*WORK REQUEST*: Give again, word for word, each line below starting at the one that contains "岐阜県の市場で取引されている" and ending at the one that contains "vivo fans who".

══ PROVIDED RECORDS

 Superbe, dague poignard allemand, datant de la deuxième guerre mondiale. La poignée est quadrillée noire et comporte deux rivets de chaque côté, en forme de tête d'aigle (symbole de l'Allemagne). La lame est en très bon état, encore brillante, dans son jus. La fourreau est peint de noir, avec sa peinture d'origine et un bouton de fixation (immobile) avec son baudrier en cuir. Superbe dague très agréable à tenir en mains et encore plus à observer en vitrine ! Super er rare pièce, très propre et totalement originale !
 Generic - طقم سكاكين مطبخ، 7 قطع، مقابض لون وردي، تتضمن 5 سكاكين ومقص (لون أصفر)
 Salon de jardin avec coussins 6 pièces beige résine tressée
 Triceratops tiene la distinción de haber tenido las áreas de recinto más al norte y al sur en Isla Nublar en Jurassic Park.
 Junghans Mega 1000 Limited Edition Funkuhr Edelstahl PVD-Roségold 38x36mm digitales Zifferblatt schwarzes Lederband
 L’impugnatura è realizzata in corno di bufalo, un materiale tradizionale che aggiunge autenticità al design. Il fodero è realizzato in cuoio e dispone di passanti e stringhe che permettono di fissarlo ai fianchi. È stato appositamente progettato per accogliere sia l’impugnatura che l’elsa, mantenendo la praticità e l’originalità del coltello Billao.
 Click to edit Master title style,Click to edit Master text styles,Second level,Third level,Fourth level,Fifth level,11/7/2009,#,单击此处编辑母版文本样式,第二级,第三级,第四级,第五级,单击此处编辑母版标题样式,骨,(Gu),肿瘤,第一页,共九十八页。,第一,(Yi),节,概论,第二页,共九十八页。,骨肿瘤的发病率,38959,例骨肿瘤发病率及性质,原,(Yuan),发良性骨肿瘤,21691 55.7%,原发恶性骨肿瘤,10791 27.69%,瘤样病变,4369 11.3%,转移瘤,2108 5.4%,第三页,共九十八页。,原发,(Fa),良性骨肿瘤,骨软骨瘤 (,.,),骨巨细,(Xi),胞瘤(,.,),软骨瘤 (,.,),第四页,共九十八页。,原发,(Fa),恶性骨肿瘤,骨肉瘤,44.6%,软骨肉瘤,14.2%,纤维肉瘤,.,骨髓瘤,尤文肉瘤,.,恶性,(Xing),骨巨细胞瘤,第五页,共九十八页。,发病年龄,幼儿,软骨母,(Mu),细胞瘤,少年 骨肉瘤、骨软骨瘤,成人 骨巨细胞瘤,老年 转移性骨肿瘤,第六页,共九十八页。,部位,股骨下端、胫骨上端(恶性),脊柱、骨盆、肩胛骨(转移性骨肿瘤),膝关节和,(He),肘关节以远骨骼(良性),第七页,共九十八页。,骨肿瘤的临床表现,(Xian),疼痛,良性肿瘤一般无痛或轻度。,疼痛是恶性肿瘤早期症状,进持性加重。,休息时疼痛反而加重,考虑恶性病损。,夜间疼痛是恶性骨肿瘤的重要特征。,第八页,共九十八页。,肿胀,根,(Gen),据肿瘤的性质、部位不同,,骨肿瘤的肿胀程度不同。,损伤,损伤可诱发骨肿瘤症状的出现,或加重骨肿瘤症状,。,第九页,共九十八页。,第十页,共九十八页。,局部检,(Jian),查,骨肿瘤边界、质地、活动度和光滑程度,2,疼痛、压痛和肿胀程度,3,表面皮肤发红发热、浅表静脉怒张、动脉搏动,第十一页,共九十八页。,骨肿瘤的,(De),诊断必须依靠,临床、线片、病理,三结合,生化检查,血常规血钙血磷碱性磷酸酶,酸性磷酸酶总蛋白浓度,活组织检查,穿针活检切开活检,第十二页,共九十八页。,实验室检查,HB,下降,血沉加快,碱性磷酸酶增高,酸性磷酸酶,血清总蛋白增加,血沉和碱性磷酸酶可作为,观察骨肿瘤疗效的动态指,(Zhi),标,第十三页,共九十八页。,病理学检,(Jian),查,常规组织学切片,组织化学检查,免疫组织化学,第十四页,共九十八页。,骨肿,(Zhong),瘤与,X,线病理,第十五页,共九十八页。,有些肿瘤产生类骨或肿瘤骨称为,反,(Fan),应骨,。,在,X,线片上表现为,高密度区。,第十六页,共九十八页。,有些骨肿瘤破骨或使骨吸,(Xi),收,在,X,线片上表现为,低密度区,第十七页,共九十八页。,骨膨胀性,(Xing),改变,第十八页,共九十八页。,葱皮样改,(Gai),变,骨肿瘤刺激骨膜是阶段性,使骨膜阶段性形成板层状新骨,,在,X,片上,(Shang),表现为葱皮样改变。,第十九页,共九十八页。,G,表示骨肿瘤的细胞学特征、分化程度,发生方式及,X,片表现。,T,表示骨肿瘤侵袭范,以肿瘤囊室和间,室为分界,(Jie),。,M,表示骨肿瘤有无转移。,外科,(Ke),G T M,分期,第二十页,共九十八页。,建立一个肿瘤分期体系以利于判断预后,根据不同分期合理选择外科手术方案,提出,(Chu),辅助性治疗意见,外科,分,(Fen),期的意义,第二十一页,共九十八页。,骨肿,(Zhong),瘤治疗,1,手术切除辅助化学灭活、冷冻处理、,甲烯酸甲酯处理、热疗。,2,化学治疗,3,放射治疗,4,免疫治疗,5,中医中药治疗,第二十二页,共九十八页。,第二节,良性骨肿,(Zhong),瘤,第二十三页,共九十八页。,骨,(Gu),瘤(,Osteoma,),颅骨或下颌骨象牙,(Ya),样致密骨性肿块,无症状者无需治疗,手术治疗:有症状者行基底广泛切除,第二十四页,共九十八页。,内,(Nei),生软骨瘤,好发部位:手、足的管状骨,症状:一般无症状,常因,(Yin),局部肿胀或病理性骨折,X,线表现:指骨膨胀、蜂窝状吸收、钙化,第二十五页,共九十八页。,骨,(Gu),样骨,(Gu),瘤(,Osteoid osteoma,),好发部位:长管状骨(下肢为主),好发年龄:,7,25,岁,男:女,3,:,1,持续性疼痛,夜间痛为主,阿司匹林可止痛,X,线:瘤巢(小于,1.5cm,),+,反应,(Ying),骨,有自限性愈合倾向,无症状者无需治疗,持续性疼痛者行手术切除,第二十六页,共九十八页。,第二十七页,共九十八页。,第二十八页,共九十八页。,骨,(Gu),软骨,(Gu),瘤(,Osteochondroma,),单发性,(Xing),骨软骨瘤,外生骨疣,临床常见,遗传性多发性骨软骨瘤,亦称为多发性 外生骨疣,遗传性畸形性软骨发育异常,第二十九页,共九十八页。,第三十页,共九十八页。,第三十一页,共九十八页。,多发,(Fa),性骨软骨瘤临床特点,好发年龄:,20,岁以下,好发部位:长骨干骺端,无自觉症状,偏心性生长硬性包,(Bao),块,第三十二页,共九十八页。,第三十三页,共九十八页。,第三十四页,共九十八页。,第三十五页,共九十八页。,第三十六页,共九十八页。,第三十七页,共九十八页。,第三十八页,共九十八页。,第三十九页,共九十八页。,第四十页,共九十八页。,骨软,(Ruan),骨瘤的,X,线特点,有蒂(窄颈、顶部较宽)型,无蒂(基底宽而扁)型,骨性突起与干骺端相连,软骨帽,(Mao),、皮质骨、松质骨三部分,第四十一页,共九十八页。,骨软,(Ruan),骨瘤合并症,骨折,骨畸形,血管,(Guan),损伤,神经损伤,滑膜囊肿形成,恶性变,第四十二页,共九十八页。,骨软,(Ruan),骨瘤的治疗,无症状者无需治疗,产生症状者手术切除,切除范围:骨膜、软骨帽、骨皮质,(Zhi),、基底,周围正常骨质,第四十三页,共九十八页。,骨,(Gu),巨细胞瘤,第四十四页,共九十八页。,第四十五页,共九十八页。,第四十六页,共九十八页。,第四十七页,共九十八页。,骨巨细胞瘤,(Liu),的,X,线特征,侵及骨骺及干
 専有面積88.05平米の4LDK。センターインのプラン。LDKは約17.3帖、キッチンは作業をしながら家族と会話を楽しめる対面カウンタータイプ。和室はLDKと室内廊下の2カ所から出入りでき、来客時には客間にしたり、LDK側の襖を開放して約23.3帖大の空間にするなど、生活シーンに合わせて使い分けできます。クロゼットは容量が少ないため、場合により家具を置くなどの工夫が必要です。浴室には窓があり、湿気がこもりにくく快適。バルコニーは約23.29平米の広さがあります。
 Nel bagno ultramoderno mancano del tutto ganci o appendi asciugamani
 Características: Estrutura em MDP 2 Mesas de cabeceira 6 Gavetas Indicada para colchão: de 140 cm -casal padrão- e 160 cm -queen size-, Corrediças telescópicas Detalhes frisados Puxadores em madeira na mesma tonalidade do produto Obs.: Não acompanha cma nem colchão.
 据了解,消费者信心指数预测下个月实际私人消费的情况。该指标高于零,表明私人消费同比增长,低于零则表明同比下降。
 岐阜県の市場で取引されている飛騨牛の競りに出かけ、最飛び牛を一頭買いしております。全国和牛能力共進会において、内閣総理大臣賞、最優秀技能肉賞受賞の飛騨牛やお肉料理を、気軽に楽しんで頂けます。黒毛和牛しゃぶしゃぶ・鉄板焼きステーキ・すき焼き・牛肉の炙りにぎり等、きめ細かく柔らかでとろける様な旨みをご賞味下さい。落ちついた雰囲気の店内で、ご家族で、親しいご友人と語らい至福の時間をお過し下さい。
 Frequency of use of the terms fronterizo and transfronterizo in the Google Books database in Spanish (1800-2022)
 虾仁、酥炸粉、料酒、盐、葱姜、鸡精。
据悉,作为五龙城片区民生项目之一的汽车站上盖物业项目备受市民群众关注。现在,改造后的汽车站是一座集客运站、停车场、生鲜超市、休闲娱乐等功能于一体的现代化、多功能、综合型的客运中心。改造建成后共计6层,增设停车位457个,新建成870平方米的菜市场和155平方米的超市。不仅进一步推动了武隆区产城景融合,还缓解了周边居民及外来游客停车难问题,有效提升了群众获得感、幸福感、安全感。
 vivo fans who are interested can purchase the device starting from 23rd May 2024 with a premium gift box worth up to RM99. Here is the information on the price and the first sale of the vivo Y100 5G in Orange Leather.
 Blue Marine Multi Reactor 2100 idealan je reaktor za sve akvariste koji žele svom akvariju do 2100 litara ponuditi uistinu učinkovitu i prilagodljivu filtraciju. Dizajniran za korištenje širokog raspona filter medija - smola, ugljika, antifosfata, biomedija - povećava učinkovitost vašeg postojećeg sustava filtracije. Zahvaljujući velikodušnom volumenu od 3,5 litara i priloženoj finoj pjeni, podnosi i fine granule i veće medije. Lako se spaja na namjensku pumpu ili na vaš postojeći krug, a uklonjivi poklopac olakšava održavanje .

════

*SOLUTION TO THIS EXERCISE*:
 岐阜県の市場で取引されている飛騨牛の競りに出かけ、最飛び牛を一頭買いしております。全国和牛能力共進会において、内閣総理大臣賞、最優秀技能肉賞受賞の飛騨牛やお肉料理を、気軽に楽しんで頂けます。黒毛和牛しゃぶしゃぶ・鉄板焼きステーキ・すき焼き・牛肉の炙りにぎり等、きめ細かく柔らかでとろける様な旨みをご賞味下さい。落ちついた雰囲気の店内で、ご家族で、親しいご友人と語らい至福の時間をお過し下さい。
 Frequency of use of the terms fronterizo and transfronterizo in the Google Books database in Spanish (1800-2022)
 虾仁、酥炸粉、料酒、盐、葱姜、鸡精。
据悉,作为五龙城片区民生项目之一的汽车站上盖物业项目备受市民群众关注。现在,改造后的汽车站是一座集客运站、停车场、生鲜超市、休闲娱乐等功能于一体的现代化、多功能、综合型的客运中心。改造建成后共计6层,增设停车位457个,新建成870平方米的菜市场和155平方米的超市。不仅进一步推动了武隆区产城景融合,还缓解了周边居民及外来游客停车难问题,有效提升了群众获得感、幸福感、安全感。
 vivo fans who are interested can purchase the device starting from 23rd May 2024 with a premium gift box worth up to RM99. Here is the information on the price and the first sale of the vivo Y100 5G in Orange Leather.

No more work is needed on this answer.